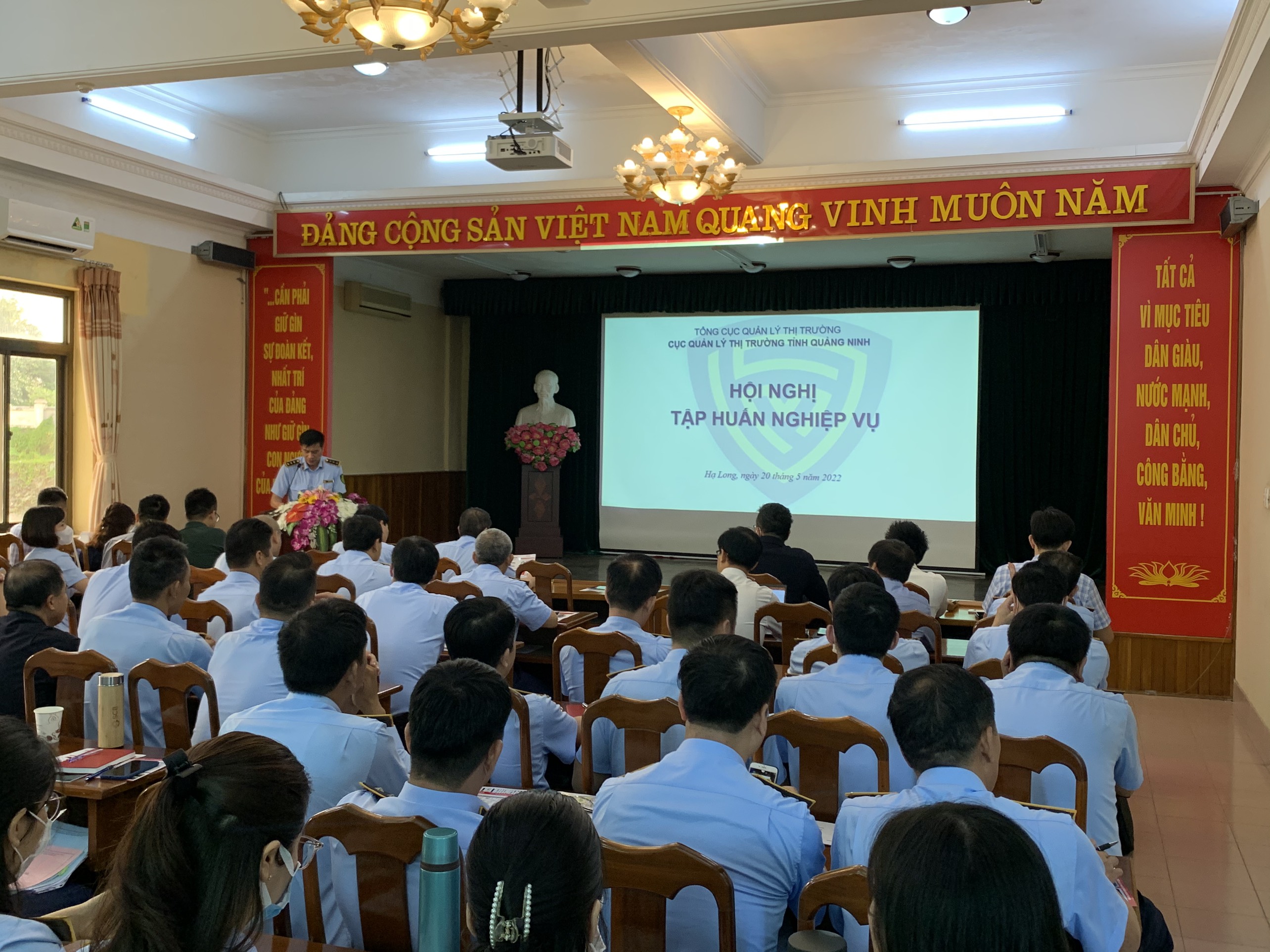 Ngày 20/5/2022, Cục Quản lý thị trường tỉnh Quảng Ninh đã tổ chức Hội nghị tập huấn nghiệp vụ chuyên sâu về phân biệt hàng thật - hàng giả và tập huấn chuyên sâu về hoá đơn điện tử với sự tham dự của 121 công chức lực lượng quản lý thị trường (QLTT) và cán bộ thuộc lực lượng Công an, Biên phòng, Hải quan.
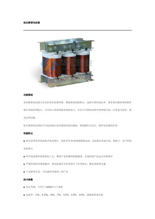 性能特点■铁芯采用优质低损耗冷轧硅钢片,绕组采用H级绝缘铜漆包线,电抗器具有温升低,损耗小,电气性能高的特点■科学的浸漆和热烘固化工艺,确保产品的整体机械强度,有效控制产品运行时的噪音■严格控制的电感量偏差,使电抗器在补偿系统中工作更稳定,避免谐振和过载■产品种类丰富,可以提供单相和三相产品技术参数■电压等级:可用于1000V以下系统■电抗率:1%、4.5%、6%、7%、12%、13%、14%,或根据要求定制■过电流能力:1.35In■最大线性电流:1.8In■额定绝缘水平:3KV 1min■电感量偏差:0~+3%■绝缘等级:F级或H级■防护等级:IP00使用环境■安装场所:户内■环境温度:-30℃~+45℃■通风良好:装在柜内时应加装通风设备■海拔高度:不超过1500m, 更高海拔需定制■相对湿度:不超过90%低压滤波电抗器功能描述低压滤波电抗器与滤波电容器串联组成无源滤波器,选择合理的电抗率,使串联回路的调谐频率接近谐波频率,对该谐波呈现较低的阻抗,从而吸收谐波,起到滤波的作用。
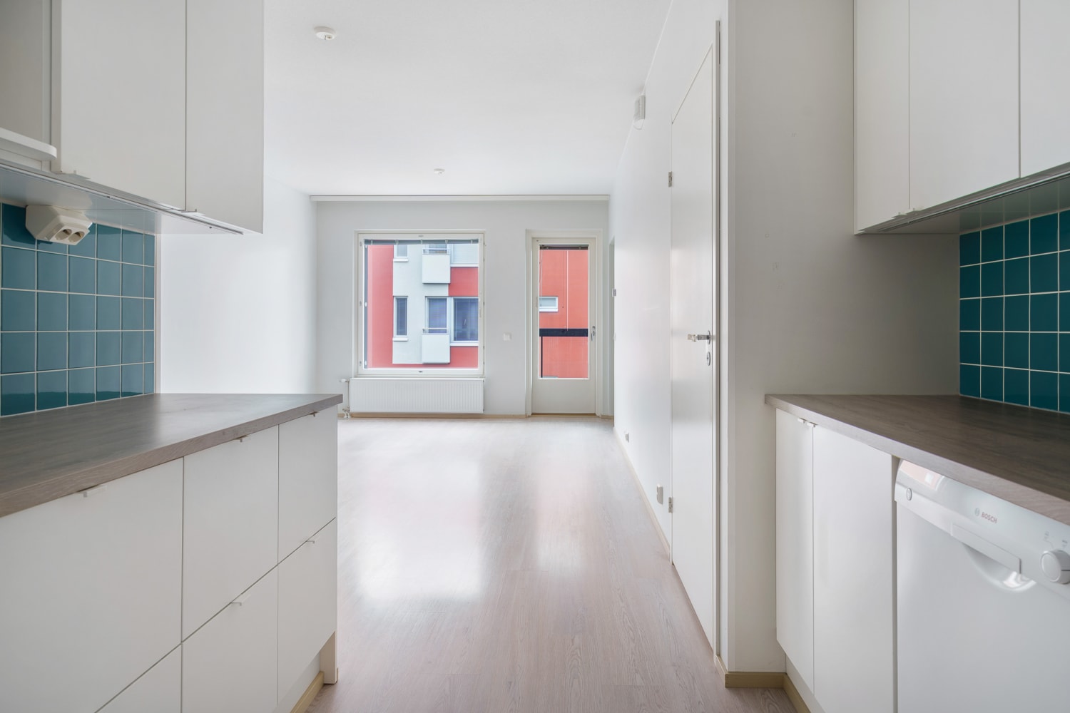 The flooring in the living areas is laminate resembling bleached oak planks. The walls and closet fixtures are white. In the kitchen, the cabinet doors are white, and the space between the upper and lower cabinets is tiled in petrol blue. The worktop complements the floor with a light oak-toned laminate. The kitchen is equipped with a ceramic hob, dishwasher, and freezer-refrigerator.

__Required action__.
Without any of the pictures, reproduce the listing above exactly.

__Written response__.
 Ngày 20/5/2022, Cục Quản lý thị trường tỉnh Quảng Ninh đã tổ chức Hội nghị tập huấn nghiệp vụ chuyên sâu về phân biệt hàng thật - hàng giả và tập huấn chuyên sâu về hoá đơn điện tử với sự tham dự của 121 công chức lực lượng quản lý thị trường (QLTT) và cán bộ thuộc lực lượng Công an, Biên phòng, Hải quan.
 性能特点■铁芯采用优质低损耗冷轧硅钢片,绕组采用H级绝缘铜漆包线,电抗器具有温升低,损耗小,电气性能高的特点■科学的浸漆和热烘固化工艺,确保产品的整体机械强度,有效控制产品运行时的噪音■严格控制的电感量偏差,使电抗器在补偿系统中工作更稳定,避免谐振和过载■产品种类丰富,可以提供单相和三相产品技术参数■电压等级:可用于1000V以下系统■电抗率:1%、4.5%、6%、7%、12%、13%、14%,或根据要求定制■过电流能力:1.35In■最大线性电流:1.8In■额定绝缘水平:3KV 1min■电感量偏差:0~+3%■绝缘等级:F级或H级■防护等级:IP00使用环境■安装场所:户内■环境温度:-30℃~+45℃■通风良好:装在柜内时应加装通风设备■海拔高度:不超过1500m, 更高海拔需定制■相对湿度:不超过90%低压滤波电抗器功能描述低压滤波电抗器与滤波电容器串联组成无源滤波器,选择合理的电抗率,使串联回路的调谐频率接近谐波频率,对该谐波呈现较低的阻抗,从而吸收谐波,起到滤波的作用。
 The flooring in the living areas is laminate resembling bleached oak planks. The walls and closet fixtures are white. In the kitchen, the cabinet doors are white, and the space between the upper and lower cabinets is tiled in petrol blue. The worktop complements the floor with a light oak-toned laminate. The kitchen is equipped with a ceramic hob, dishwasher, and freezer-refrigerator.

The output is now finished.